*EXERCISE GOAL*. Could you transcribe the entries below exactly, starting at the line that contains "くしゅくしゅっと裾をたるませて着ても良し、伸ばしてワンピースとして着ても良し。" and stopping at the last line, without any pictures?
=-=-=-=-=
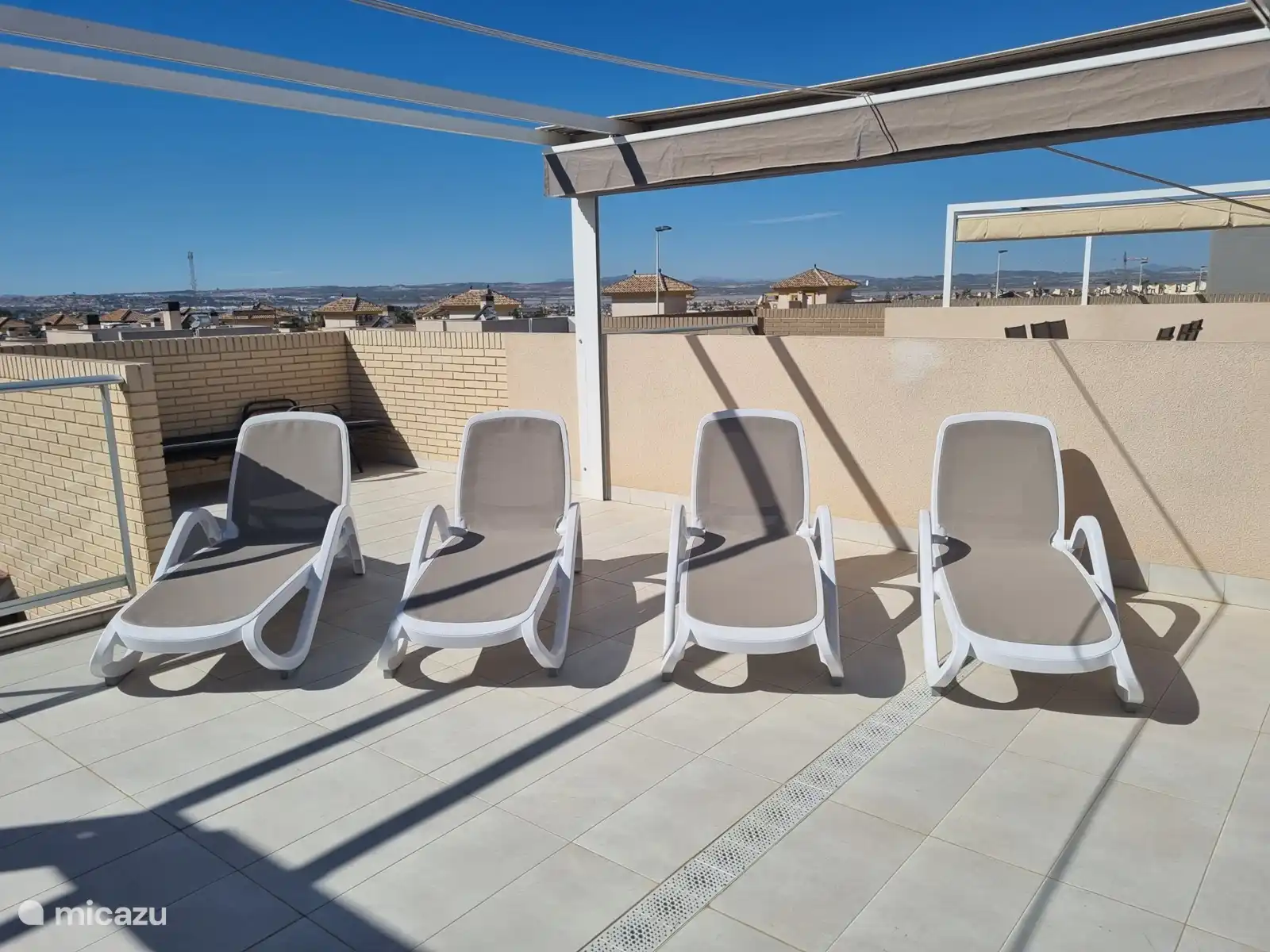 L'appartement pour quatre personnes est situé au premier étage et est accessible par des escaliers et dispose d'un grand solarium avec de superbes vues. Le solarium dispose d'un barbecue et d'une douche.
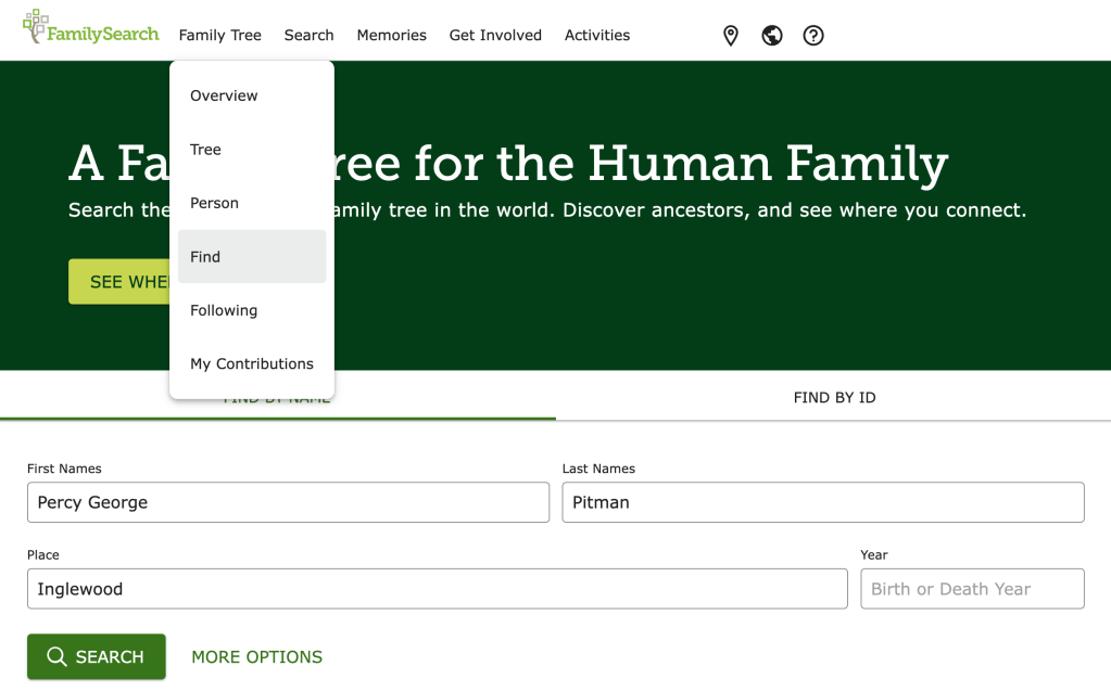 - Search menu, Family Tree
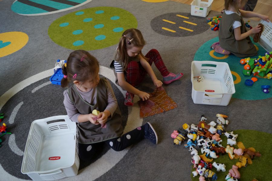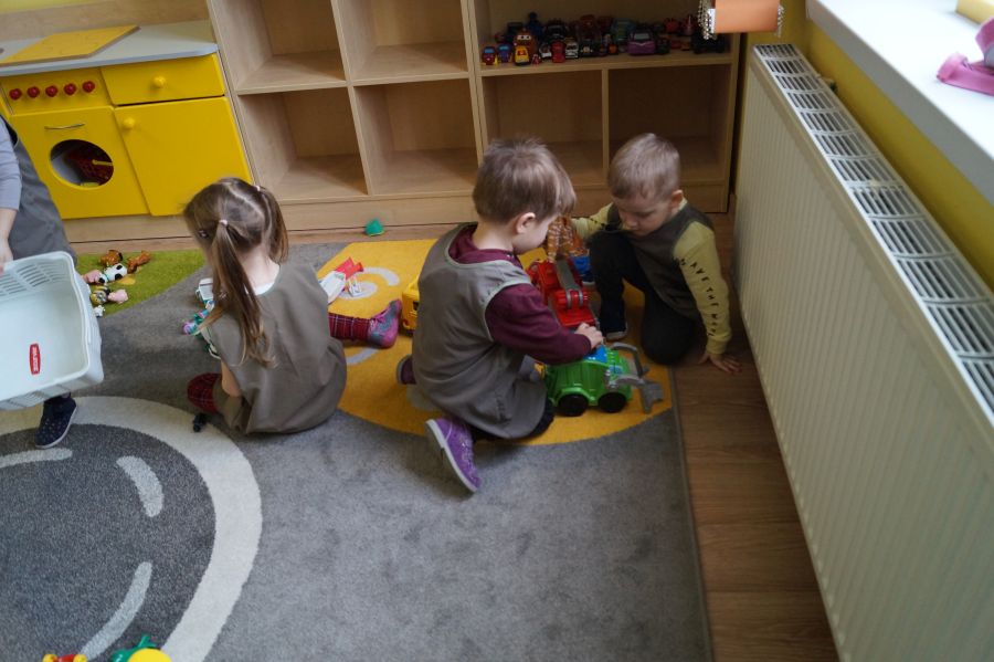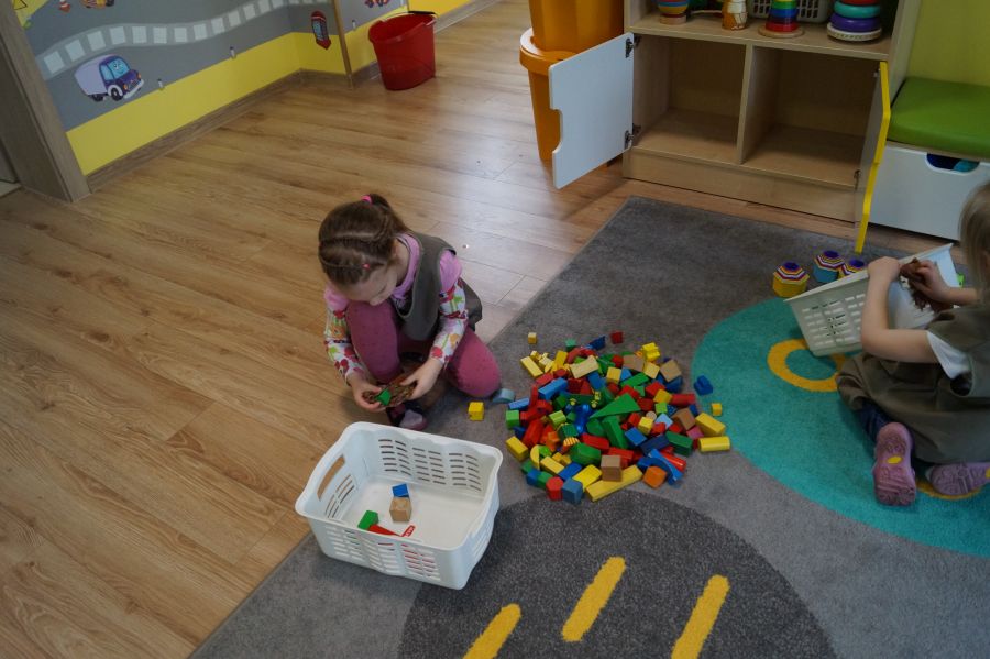 Nasze maluchy potrafią już coraz więcej, co widać także w precyzji ruchów. Dzisiaj chętnie podjęły czynności higieniczno- porządkowe w kącikach zabaw.
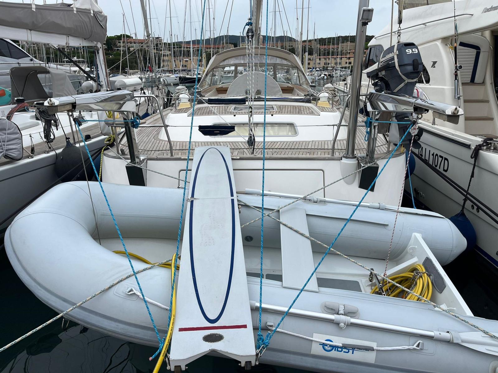 Batteries (AGM AL GEL 2022), Bossoirs (SIMPSON DAVITS), Passerelle, Plateforme arrière, Pompe de cale électrique (2023), Guindeau électrique, Annexe (GIBSY 2022), Winch, 2 Winch électrique.
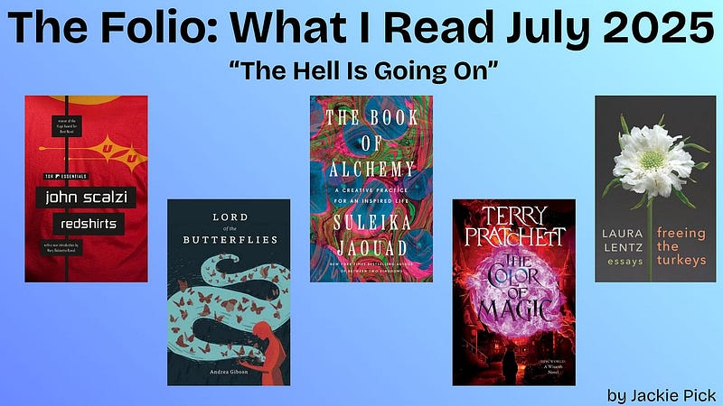 All five books embrace the “lean into confusion and see what happens” principle. Narrators, characters, and, in one case, sentient luggage, try to make sense of their place in a universe that insists it’s operating by rules when it clearly isn’t. This requires surrender in a “realizing the plan is not The Plan” sense, not the “I give up” sense.
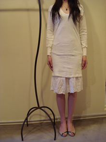 くしゅくしゅっと裾をたるませて着ても良し、伸ばしてワンピースとして着ても良し。
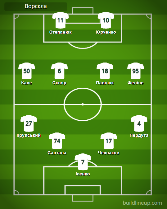 «Ворскла»: Исенко – Крупский (Нестеренко, 56), Сантана, Чеснаков (Хрипчук, 73), Пердута – Кане, Скляр, Павлюк, Фелипе (Бацула, 35) – Степанюк, Юрченко (Челядин, 73).
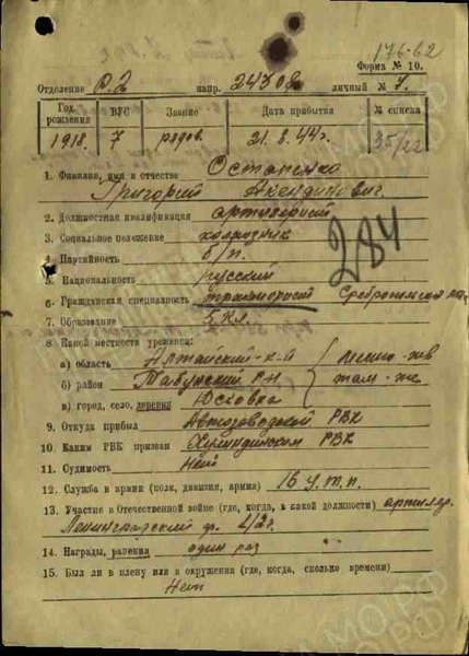 В дополнение к выложенной инфе по воину «Остапенко Григорий Акимович (Акиндинович, Акендинович 1918»» добавил бы, хоть и спорные, но свои (дед Митяй) «5ять копеек», а именно, если предположить, что отчество могло быть трансформировано «Акимович = Акиндинович, Акендинович», у всех поисковых вариантов место рождения = Алтайский край + оба воина артиллеристы + оба воина из танкового подразделения…
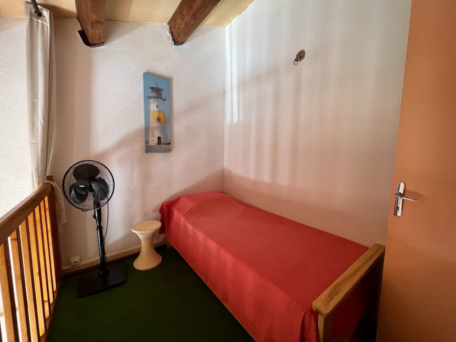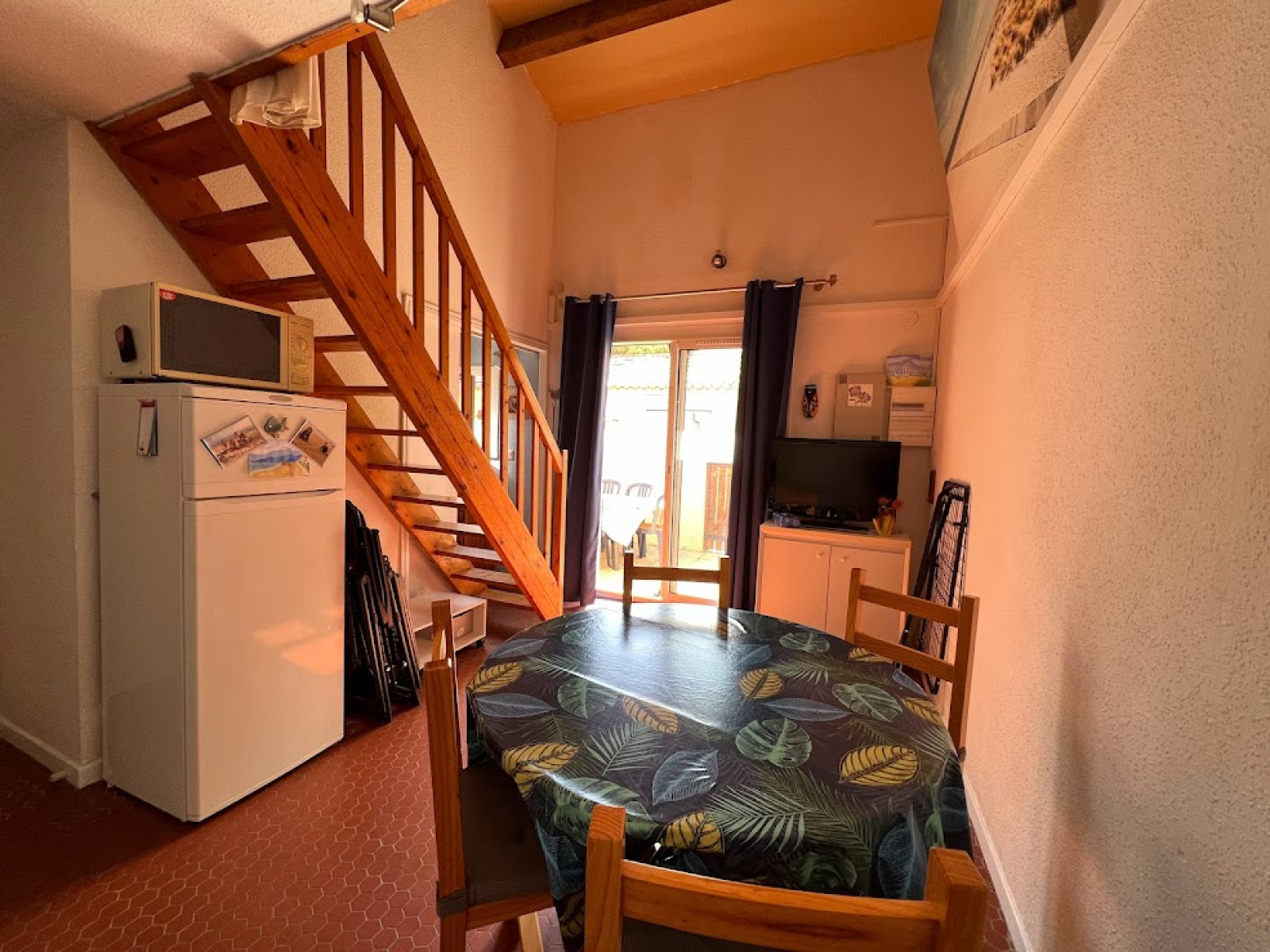 Situé à 2 pas de la plage, ce pavillon se compose d'un séjour cuisine tout équipé, 1 chambre avec un lit pour 2 personnes, wc et salle d'eau, à l'étage une chambre avec un lit pour 2 personnes et une mezzanine avec un lit pour 1 personne . il y a un climeur mobile dans le pavillon.
=-=-=-=-=
*TASK RESULT*.
 くしゅくしゅっと裾をたるませて着ても良し、伸ばしてワンピースとして着ても良し。
 «Ворскла»: Исенко – Крупский (Нестеренко, 56), Сантана, Чеснаков (Хрипчук, 73), Пердута – Кане, Скляр, Павлюк, Фелипе (Бацула, 35) – Степанюк, Юрченко (Челядин, 73).
 В дополнение к выложенной инфе по воину «Остапенко Григорий Акимович (Акиндинович, Акендинович 1918»» добавил бы, хоть и спорные, но свои (дед Митяй) «5ять копеек», а именно, если предположить, что отчество могло быть трансформировано «Акимович = Акиндинович, Акендинович», у всех поисковых вариантов место рождения = Алтайский край + оба воина артиллеристы + оба воина из танкового подразделения…
 Situé à 2 pas de la plage, ce pavillon se compose d'un séjour cuisine tout équipé, 1 chambre avec un lit pour 2 personnes, wc et salle d'eau, à l'étage une chambre avec un lit pour 2 personnes et une mezzanine avec un lit pour 1 personne . il y a un climeur mobile dans le pavillon.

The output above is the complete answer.